** Opening Data for the task block **
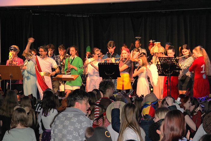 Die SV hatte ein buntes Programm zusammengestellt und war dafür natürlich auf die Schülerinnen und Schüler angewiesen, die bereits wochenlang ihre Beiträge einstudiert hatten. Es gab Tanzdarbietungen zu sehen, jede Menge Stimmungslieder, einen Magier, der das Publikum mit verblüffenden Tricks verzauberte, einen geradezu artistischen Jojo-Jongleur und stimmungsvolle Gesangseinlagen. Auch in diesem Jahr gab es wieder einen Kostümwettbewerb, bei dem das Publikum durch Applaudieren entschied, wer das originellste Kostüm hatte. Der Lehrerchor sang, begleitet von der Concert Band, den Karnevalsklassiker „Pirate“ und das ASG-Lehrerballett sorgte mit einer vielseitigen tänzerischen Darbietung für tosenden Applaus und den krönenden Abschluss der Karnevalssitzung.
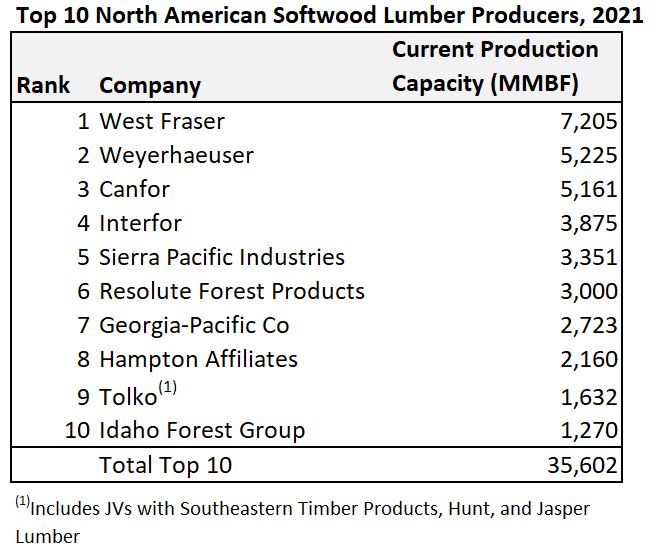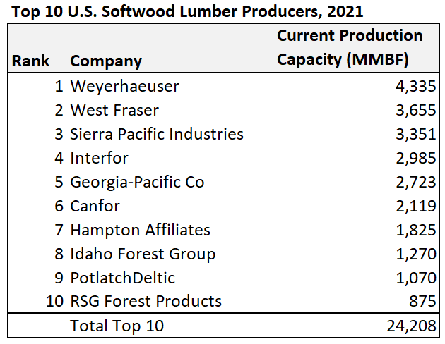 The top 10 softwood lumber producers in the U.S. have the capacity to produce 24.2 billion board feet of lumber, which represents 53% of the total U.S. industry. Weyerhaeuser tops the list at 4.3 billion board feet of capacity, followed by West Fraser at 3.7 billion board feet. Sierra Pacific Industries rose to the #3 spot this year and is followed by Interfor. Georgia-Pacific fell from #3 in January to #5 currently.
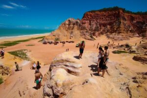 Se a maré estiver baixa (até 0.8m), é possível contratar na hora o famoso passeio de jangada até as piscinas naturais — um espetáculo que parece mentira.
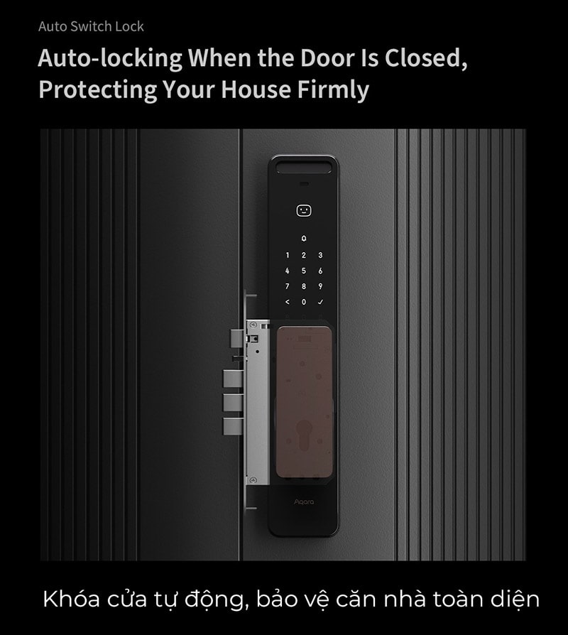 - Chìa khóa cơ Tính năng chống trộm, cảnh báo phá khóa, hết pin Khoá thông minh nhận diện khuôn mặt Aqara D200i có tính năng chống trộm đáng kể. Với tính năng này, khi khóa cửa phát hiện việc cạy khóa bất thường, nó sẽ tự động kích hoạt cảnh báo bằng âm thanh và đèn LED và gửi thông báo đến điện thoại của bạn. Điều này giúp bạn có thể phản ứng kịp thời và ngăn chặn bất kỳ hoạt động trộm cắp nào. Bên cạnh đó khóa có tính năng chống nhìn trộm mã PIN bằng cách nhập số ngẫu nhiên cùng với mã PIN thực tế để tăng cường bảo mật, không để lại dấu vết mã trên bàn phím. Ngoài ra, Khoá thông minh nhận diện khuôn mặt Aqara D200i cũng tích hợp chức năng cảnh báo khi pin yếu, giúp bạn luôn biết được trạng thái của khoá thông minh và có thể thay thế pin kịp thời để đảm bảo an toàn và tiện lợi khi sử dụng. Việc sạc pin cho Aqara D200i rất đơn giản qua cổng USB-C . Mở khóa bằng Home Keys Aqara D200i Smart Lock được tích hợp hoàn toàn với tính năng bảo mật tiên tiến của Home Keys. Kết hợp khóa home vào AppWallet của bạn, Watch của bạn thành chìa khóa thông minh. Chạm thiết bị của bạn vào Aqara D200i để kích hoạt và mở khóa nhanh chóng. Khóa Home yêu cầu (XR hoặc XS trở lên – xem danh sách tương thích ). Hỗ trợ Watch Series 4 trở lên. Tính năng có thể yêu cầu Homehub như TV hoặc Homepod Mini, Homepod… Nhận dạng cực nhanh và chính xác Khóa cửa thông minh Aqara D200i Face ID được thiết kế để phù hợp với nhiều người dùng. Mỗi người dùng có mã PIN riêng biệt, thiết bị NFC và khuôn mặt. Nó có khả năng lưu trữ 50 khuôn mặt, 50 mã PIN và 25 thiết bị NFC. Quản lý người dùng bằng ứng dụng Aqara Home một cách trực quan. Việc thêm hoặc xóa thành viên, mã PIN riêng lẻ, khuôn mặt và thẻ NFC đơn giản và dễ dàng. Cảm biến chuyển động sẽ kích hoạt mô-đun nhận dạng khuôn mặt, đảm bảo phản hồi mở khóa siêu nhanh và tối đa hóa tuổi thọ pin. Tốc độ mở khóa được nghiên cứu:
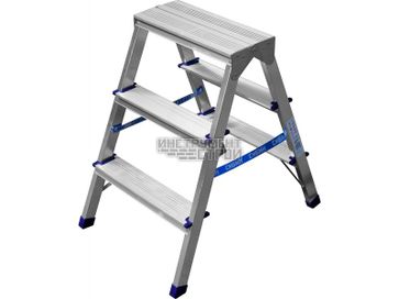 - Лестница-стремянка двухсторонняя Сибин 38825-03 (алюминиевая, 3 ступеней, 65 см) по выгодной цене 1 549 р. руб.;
** Closing Data for the task block **
** Opening Data for the task block **
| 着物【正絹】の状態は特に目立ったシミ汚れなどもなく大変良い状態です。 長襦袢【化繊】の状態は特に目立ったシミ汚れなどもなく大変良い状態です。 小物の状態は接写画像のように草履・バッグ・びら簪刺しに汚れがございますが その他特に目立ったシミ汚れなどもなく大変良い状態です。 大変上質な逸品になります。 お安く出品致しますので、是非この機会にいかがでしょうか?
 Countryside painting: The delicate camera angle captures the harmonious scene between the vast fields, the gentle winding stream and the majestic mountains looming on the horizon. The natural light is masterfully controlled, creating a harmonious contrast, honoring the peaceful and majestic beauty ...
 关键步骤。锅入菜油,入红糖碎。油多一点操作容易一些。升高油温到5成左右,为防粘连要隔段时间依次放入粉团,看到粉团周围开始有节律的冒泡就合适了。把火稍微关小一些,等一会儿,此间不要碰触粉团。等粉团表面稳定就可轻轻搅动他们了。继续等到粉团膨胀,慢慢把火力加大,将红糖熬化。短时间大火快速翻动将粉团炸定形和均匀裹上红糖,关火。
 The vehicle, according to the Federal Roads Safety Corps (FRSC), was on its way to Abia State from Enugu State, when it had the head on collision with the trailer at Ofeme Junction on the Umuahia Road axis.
** Closing Data for the task block **
Task details. The answer is the lines of the material above, from the one containing "Die SV hatte" down to the one containing "Se a maré estiver", given exactly and without images.

Problem solution.
 Die SV hatte ein buntes Programm zusammengestellt und war dafür natürlich auf die Schülerinnen und Schüler angewiesen, die bereits wochenlang ihre Beiträge einstudiert hatten. Es gab Tanzdarbietungen zu sehen, jede Menge Stimmungslieder, einen Magier, der das Publikum mit verblüffenden Tricks verzauberte, einen geradezu artistischen Jojo-Jongleur und stimmungsvolle Gesangseinlagen. Auch in diesem Jahr gab es wieder einen Kostümwettbewerb, bei dem das Publikum durch Applaudieren entschied, wer das originellste Kostüm hatte. Der Lehrerchor sang, begleitet von der Concert Band, den Karnevalsklassiker „Pirate“ und das ASG-Lehrerballett sorgte mit einer vielseitigen tänzerischen Darbietung für tosenden Applaus und den krönenden Abschluss der Karnevalssitzung.
 The top 10 softwood lumber producers in the U.S. have the capacity to produce 24.2 billion board feet of lumber, which represents 53% of the total U.S. industry. Weyerhaeuser tops the list at 4.3 billion board feet of capacity, followed by West Fraser at 3.7 billion board feet. Sierra Pacific Industries rose to the #3 spot this year and is followed by Interfor. Georgia-Pacific fell from #3 in January to #5 currently.
 Se a maré estiver baixa (até 0.8m), é possível contratar na hora o famoso passeio de jangada até as piscinas naturais — um espetáculo que parece mentira.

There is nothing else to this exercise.